Wir unterstützen unsere Kunden dabei, sowohl kurz- als auch langfristige Planungen aufzusetzen und begreifen uns selbst in der Rolle als strategischer Partner oder Enabler. Denn der größte Bedarf in den Erstgesprächen ist fast immer entweder ein fehlendes gemeinsames Zielbild innerhalb des Unternehmens oder eine mangelnde Priorisierung der vielen Möglichkeiten. Wir schneiden den Elefant in Scheiben, geben Orientierung und entwickeln auf den Kunden zugeschnittene Lösungen. Nur so entsteht eine Zusammenarbeit auf Augenhöhe.
Immer noch setzen viele Unternehmen allein auf Recruiting. Der Jobmarkt für Expertinnen und Experten in diesem Bereich boomt.
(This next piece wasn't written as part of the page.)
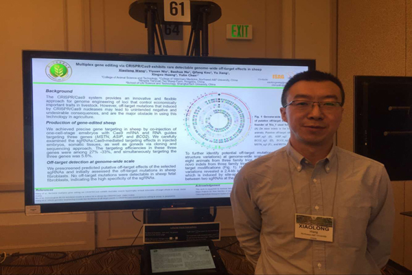 7月22日-27日,第35届国际动物遗传学大会在美国犹他州首府盐湖城召开。国际动物遗传学会羊应用遗传学专业委员会、家畜遗传工程专业委员会执委、澳门六合彩高手 青年教师王小龙副教授参加了会议,并分别在“家畜基因组编辑”和“羊的应用遗传学”分会场做了题为“Heritable multiplex gene editing via CRISPR/Cas9 exhibits no detectable genome-wide off-target effects in sheep”和“Heritable gene disruption in goats with CRISPR/Cas9 results in expected phenotypes”的学术报告,他汇报了近三年来利用基因编辑技术进行绵羊和山羊基因组修饰方面的最近研究成果,他的报告引起了与会学者的广泛关注和兴趣。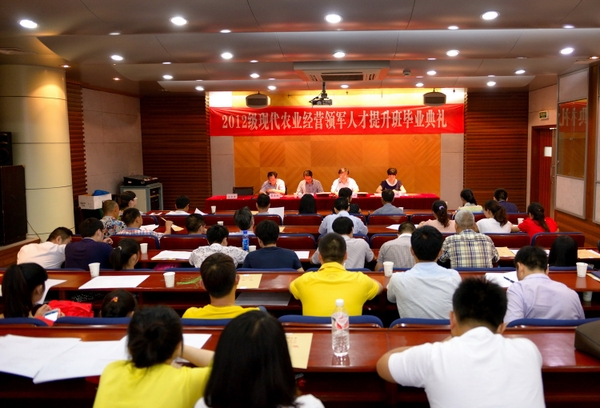 6月26日下午,2014届现代农业经营领军人才提升班毕业典礼在东湖校区举行。省农业教育培训中心主任朱顺富、副主任吴正阳,继续教育学院院长朱永法等出席毕业典礼。2014届现代农业经营领军人才提升班全体学员参加了典礼。毕业典礼由吴正阳主持。

Was würden Sie den Unternehmen sagen?
Vera Koltermann: Es ist erst einmal nicht verwerflich, gute Recruiterinnen / Recruiter einzustellen. 😉 Aber es ist eben nur die eine Seite der Medaille. Und das merken mehr und mehr Unternehmen. Es entstehen bei unseren Kunden zunehmend Talent-Acquisition-Abteilungen, die Employer Branding & Recruiting integrieren. Damit das gut funktioniert, braucht es die richtigen Menschen. Nämlich solche, die Lust haben, über den eigenen Tellerrand hinauszublicken, die in Integration eher Chance als Verlust sehen und die einfach neue Wege gehen wollen.
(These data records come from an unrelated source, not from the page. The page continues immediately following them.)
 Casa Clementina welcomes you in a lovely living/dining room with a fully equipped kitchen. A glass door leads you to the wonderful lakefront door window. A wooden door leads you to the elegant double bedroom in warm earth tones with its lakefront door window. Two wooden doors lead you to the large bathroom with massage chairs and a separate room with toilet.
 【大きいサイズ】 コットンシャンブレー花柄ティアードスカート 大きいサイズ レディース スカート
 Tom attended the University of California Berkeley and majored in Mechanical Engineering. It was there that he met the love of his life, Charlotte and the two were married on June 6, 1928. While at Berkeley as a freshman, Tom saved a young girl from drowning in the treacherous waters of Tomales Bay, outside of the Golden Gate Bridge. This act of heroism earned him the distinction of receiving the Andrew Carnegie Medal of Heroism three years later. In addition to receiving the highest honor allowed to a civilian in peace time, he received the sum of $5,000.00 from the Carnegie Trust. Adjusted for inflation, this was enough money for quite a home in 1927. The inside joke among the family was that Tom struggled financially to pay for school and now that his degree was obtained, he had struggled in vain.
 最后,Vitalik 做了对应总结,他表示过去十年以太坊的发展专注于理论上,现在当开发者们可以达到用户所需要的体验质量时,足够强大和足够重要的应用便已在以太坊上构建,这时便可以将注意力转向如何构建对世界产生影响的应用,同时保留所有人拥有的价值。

Klassische Recruiterinnen und Recruiter, die nur auf ihr eigenes Spielfeld schauen, haben ausgedient. Letztlich ist das aber eine sehr allgemeine Erkenntnis, die sich auf verschiedenste Tätigkeiten übertragen lässt. Verbinden, netzwerken, gemeinsam neue Wege einschlagen, gestalten statt verwalten, das ist das Mindset, das wir heute brauchen, nicht nur, aber auch im HR-Bereich. Wir möchten mit Employer Branding & Solutions einen Beitrag dazu leisten, dass dieses Mindset insgesamt mehr gelebt wird.
Das Gespräch führte Helge Weinberg, Herausgeber HR JOURNAL.
Vera Koltermann ist Head of Employer Branding & Solutions bei StepStone. Als Employer-Branding-Expertin berät Vera Koltermann seit vielen Jahren nationale und internationale Kund*innen auf ihrem Weg zu einer starken Arbeitgebermarke. Mit ihrem Team bei StepStone verbindet sie Employer Branding & Recruiting ganzheitlich und interdisziplinär.